I check in here every other week or so and I read through all messages, so nothing gets lost.
I backed off when I was more or less told to.
I’m “not nice” apparently, but your response would probably have been very helpful if I still had it installed.
EVERYTHING except port blocking was disabled in the interface, I am 1000% sure of that.
When I read your response I felt really bad for you taking the time to try to help, thank you for that.
I no longer use the program so I can not help to test (witch was the only reason I started the conversation in the first place, I wanted to help to try to find out WHY)
Edit
And for the portmaster person responding, I was not looking for dns records or anything, I was looking for normal logs from portmaster, I totally get that the blocklists are paywalled in this situation, the problem was that I COULD NOT DISABLE THE BLOCKING/BYPASSING!
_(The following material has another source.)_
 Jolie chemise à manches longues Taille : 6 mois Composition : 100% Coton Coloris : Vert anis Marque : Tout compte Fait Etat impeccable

If you want to be prompted by a pop-up notification about a new connection,
go Global Settings → Privacy Filter → General → Default Network Action → Change Allow to Prompt
For example:
When any program wants to connect a new domain for first time, the notification will prompt you whether you accept the connection or not. This is your judgement:
Edit:
If you trust an app, you do not want to be prompted by many notifications about this app (that connects to random different domains), you can change Prompt to Allow for this app setting instead of global setting.
For example:
I don’t want a lot of new random Firefox connections asking me a lot like spams,
then go Portmaster → Apps → Firefox → Settings for Firefox only (NOT global settings for all apps) → Default Network Action → Change Prompt to Allow.
It no longer notifies me as expected, that’s simple.